Assignment: Give the data again word for word; drop the pictures.

Provided material:
┄┄┄┄┄┄

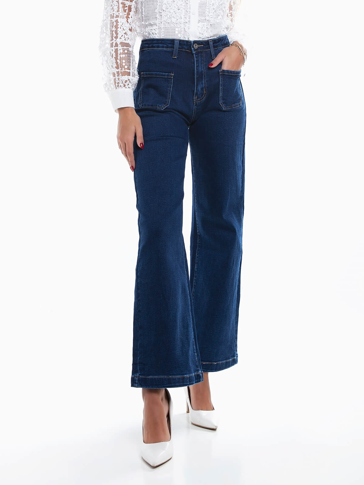 Straight jeans com 2 bolsos quadrados à frente. Calças ganga largas com cintura alta. Lavagem azul escuro. Aperto fecho zíper e botão.
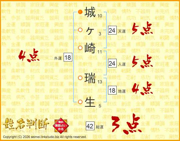 城(10画)ヶ(3画)崎(11画) 瑞(13画)生(5画)
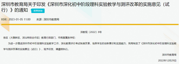 关于“深圳市教育局关于印发《深圳市深化初中阶段理科实验教学与测评改革的实施意见(试行)》的通知”表明:
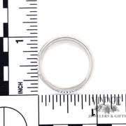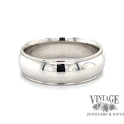 This classic style 14 karat white gold comfort fit wedding band has a mill-grain edge and is 7 mm in width. Finger size 11.25.

┄┄┄┄┄┄

Reply to the exercise:
 Straight jeans com 2 bolsos quadrados à frente. Calças ganga largas com cintura alta. Lavagem azul escuro. Aperto fecho zíper e botão.
 城(10画)ヶ(3画)崎(11画) 瑞(13画)生(5画)
 关于“深圳市教育局关于印发《深圳市深化初中阶段理科实验教学与测评改革的实施意见(试行)》的通知”表明:
 This classic style 14 karat white gold comfort fit wedding band has a mill-grain edge and is 7 mm in width. Finger size 11.25.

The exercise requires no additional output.